Today, this ashram is basically a museum, known as Gandhi Smarak Sangrahalaya. Along with the museum, this ashram houses a library, auditorium and photo galleries depicting the life of Mahatma Gandhi. Consequently the exhibits on view depict the vivid and historic events of Gandhiji’s life. There are books, manuscripts and photocopies of his correspondence, photographs of Gandhiji with his wife Kasturba and other ashram associates, life size oil paintings and actual relics like his writing desk and spinning wheel.
Upon returning from South Africa on January 9, 1915, Mohandas Karamchand Gandhi was in search for a place to settle himself and a small group of relatives and associates who were with him in the African struggle. Gandhi’s first Ashram in India was established in the Kochrab area of Ahmedabad on 25 May 1915. The Ashram was then shifted on 17 June 1917 to a piece of open land on the banks of the river Sabarmati because Gandhi wanted to carry out various activities such as farming and animal husbandry, in addition to other pursuits which called for the need of a much larger area of useable land, the ashram was relocated to an area of thirty-six acres on the banks of the river Sabarmati, and it came to be known as the Sabarmati Ashram. It was believed that this is one of the ancient ashram site of Dadhichi Rishi who had donated his bones for a righteous war, but his main ashram lies in Naimisharanya, near Lucknow, Uttar Pradesh; it is between a jail and a crematorium, and he believed that a satyagrahi has invariably to go to either place. Mahatma Gandhi said, “This is the right place for our activities to carry on the search for truth and develop fearlessness, for on one side are the iron bolts of the foreigners, and on the other the thunderbolts of Mother Nature”.
The Sabarmati Ashram (also known as Harijan Ashram) was home to Mohandas Gandhi from 1917 until 1930 and served as one of the main centres of the Indian freedom struggle.
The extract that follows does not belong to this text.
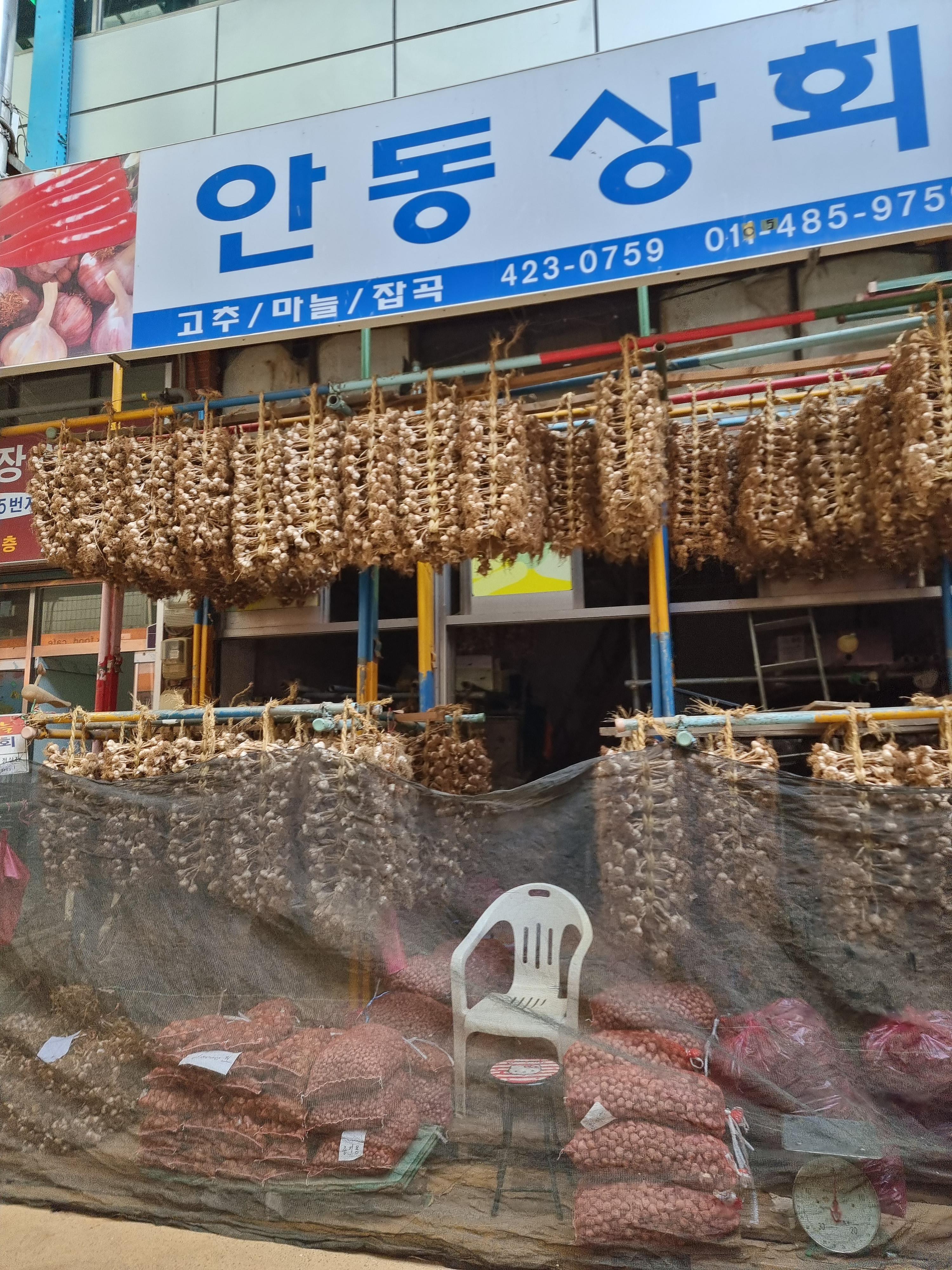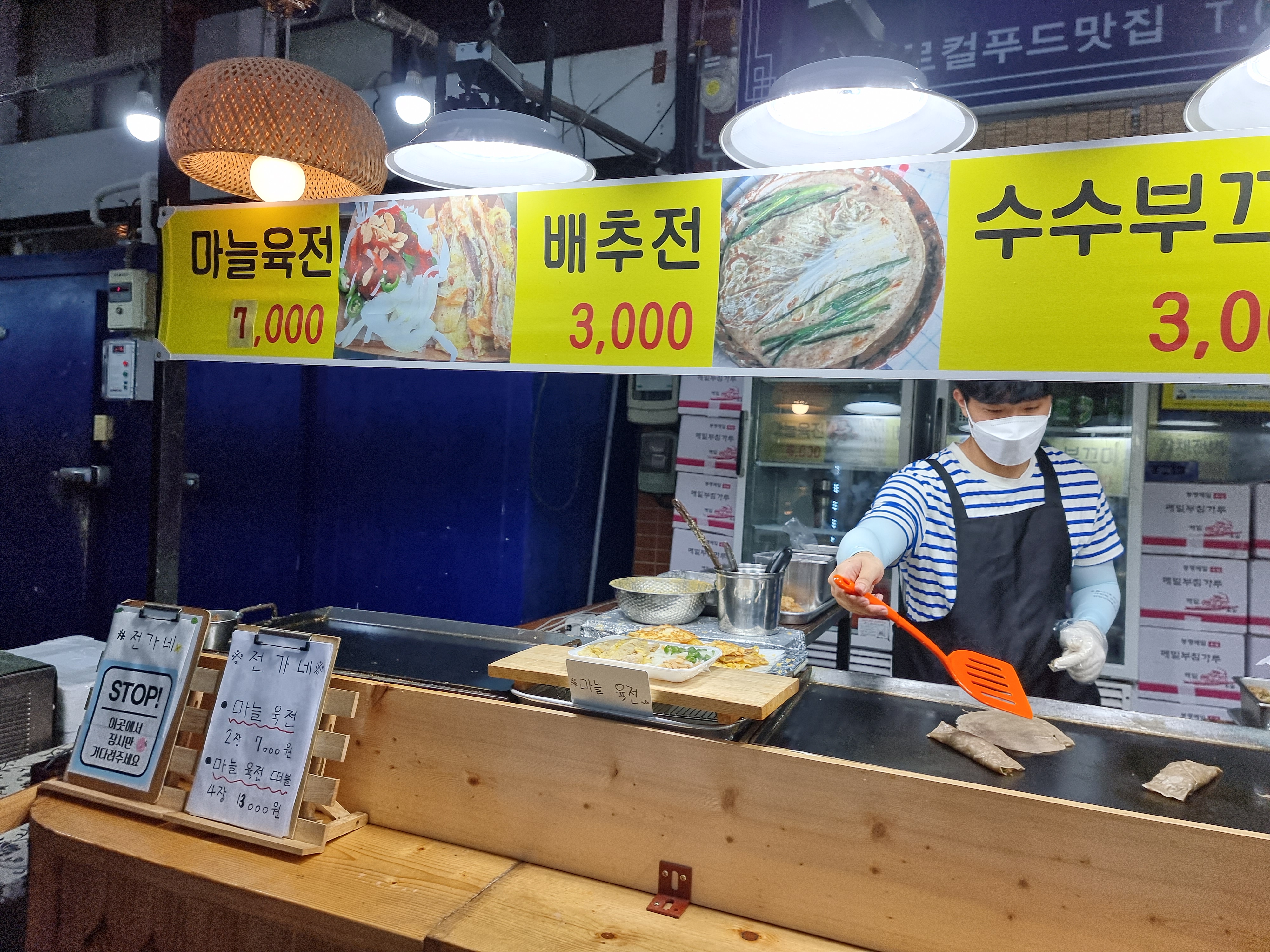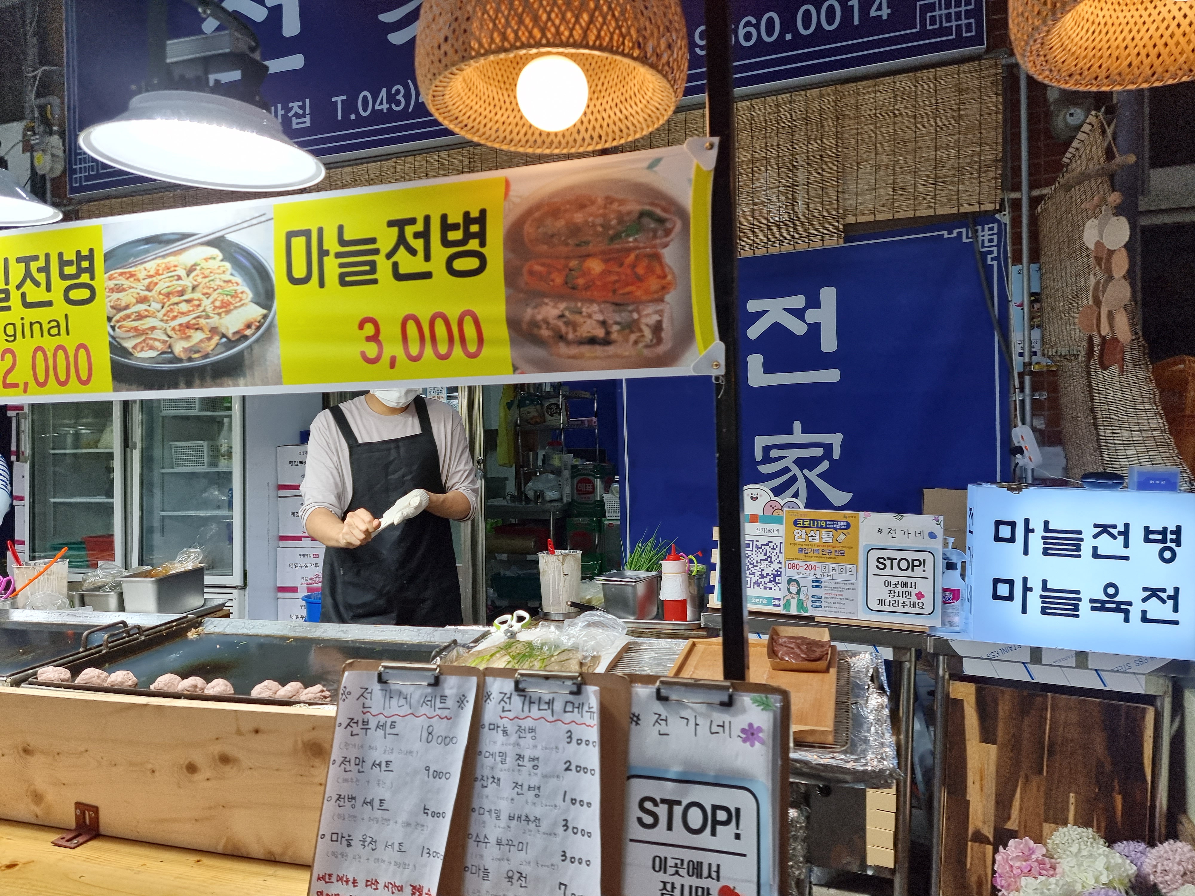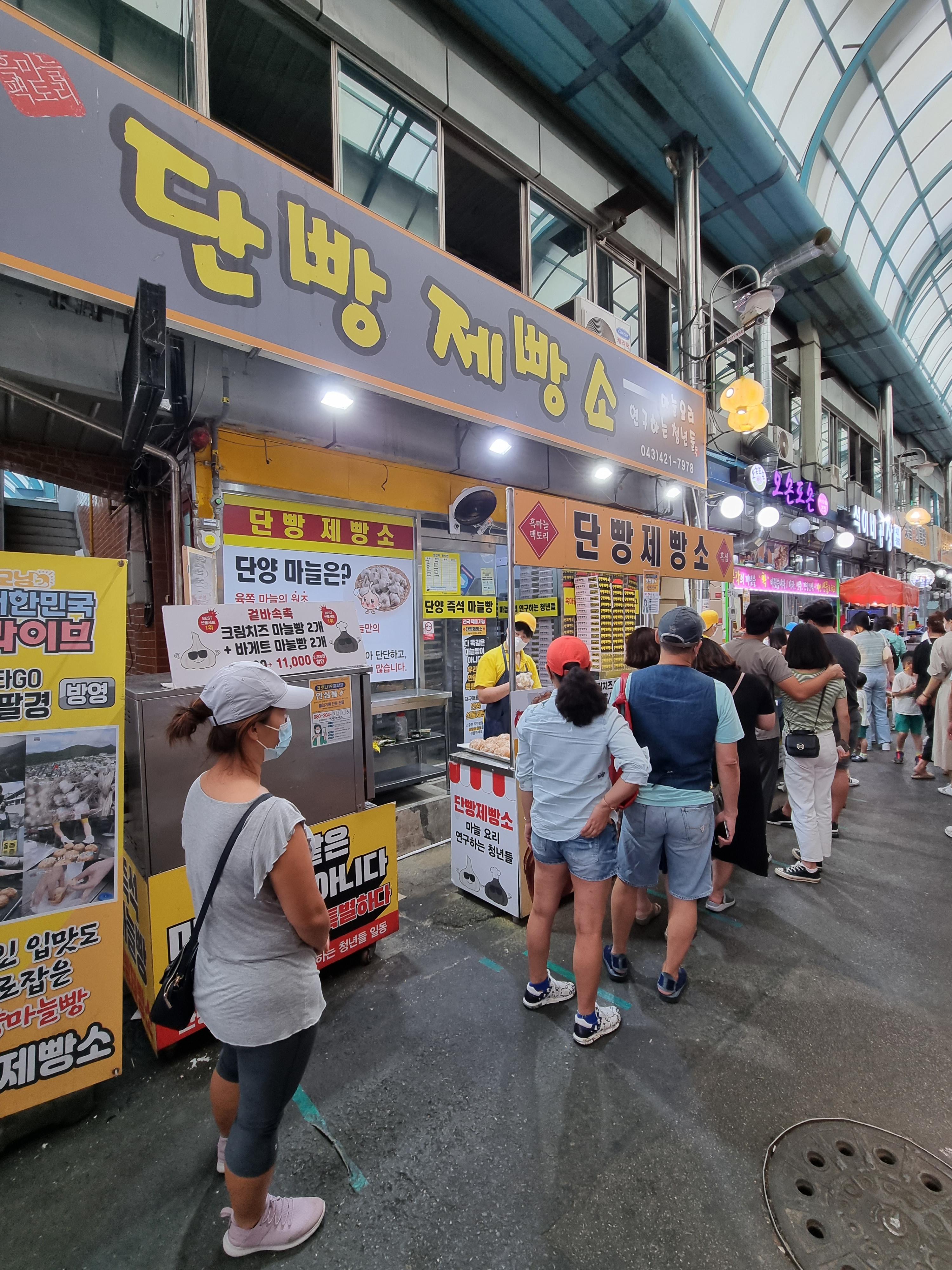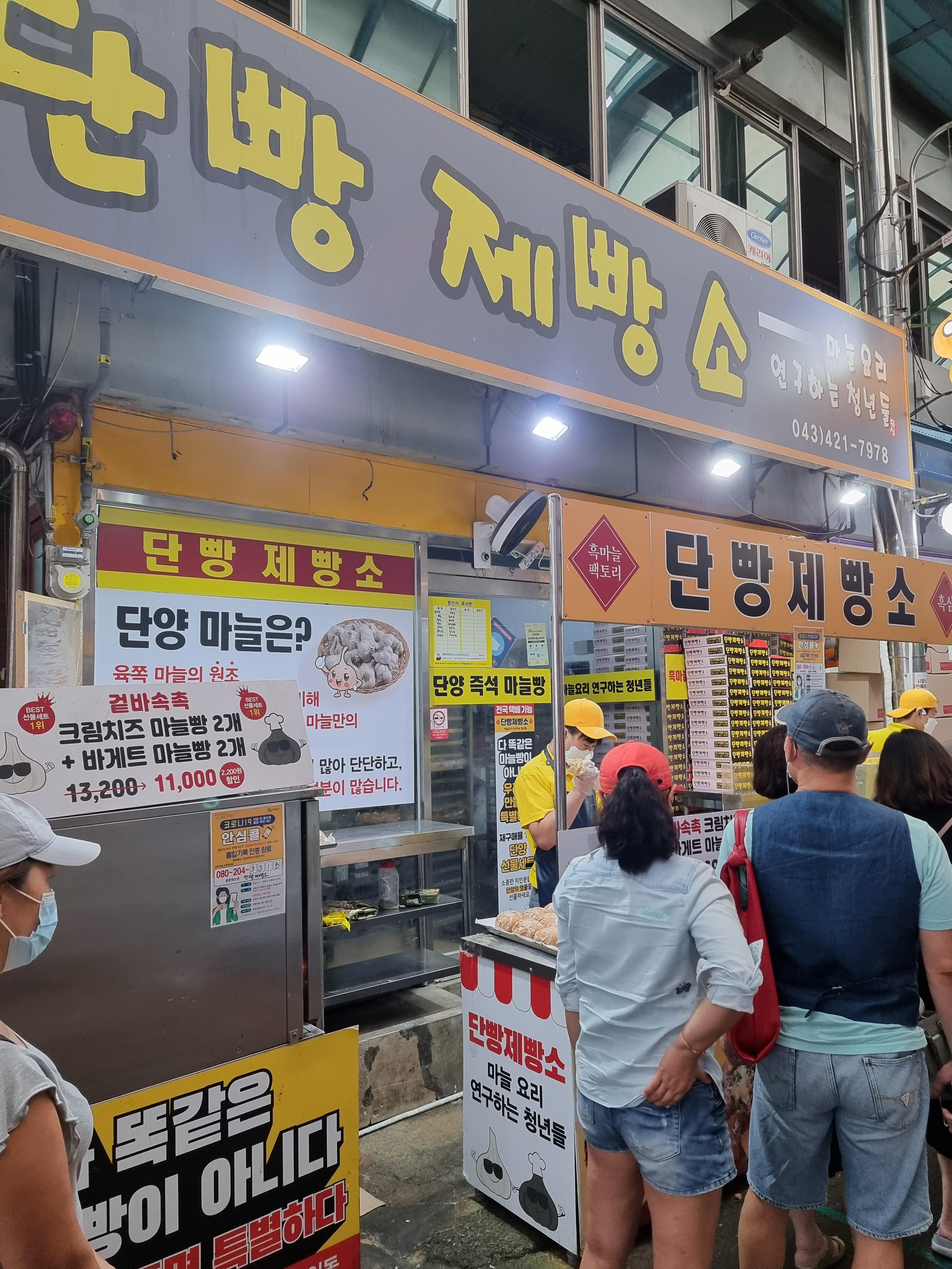 시장에 전체적으로 사람이 많지 않았는데, 줄 선 점포 발견!! 마늘 빵집이었는데 여기만 인산인해!! 30분은 선듯?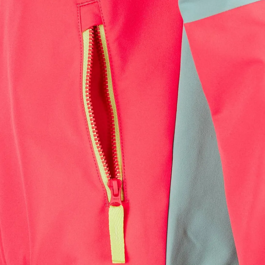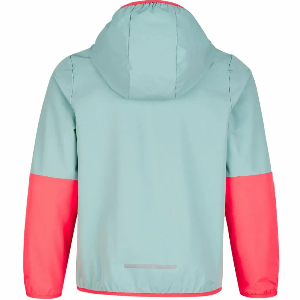 Dank der Elastikeinfassungen in Kapuze und Ärmelbündchen bleibt die Jacke beim Toben dort, wo sie sein soll. Extra Schutz vor frischem Wind bieten der unterlegte Front-RV und der hohe Kragen. Für Stauraum sorgen zwei Reißverschlusstaschen und bewahrenkleine Kostbarkeiten sicher auf. Harmonische Farben machen die Softshell auch optisch zu einem echten Highlight.

The first struggle Gandhi headed from the Sabarmati Ashram was for the textile workers strike. There was a complete deadlock between the mill owners and the inadequately paid workers. It was difficult for the workers not to become angry, as they were starving. However, Gandhi joined with them in fast, and later used the strikers to found a Weavers School at Sabarmati. It was also from here that on 12 March 1930, Gandhi marched to Dandi, 241 miles from the ashram, with 78 companions in protest at the British Salt Law, which increased the taxes on Indian salt in an effort to promote sales of British salt in India. On 12 March 1930 Gandhi had vowed that he would not return to the ashram until India had gained independence. Although India was declared a free nation on 15 August 1947, Gandhi was assassinated on 30 January 1948.
Present Day :
The ashram now has a museum, the Gandhi Smarak Sangrahalaya. This had originally been located in Hridaya Kunj, Gandhi’s own cottage in the ashram. It is a place of great historic value, where even today visitors find some of the things which Gandhiji used- a writing desk, a khadi kurta, a yarn spun by him and some of his letters. It is developing into a Resource Centre for the Gandhian and allied Studies and Research. It also processes the information, data, audio-visual materials, etc., for the use of different categories. One of the important activities undertaken is the establishment of a Gandhi Smarak Sangrahalaya. The exhibition in the museum consists of 8 life-size painting and around 250 photo-enlargements historic events of Gandhi’s life. Visitors can also see the archive of letters written by Gandhi, displayed in the galleries of the museum. Visitors can explore the ashram in the 90 minutes guided tour that is organised by the trust, which runs this ashram. Today, the Ashram serves as a source of inspiration and guidance, and stands as a monument to Gandhi’s life mission and a testimony to others who have fought a similar struggle.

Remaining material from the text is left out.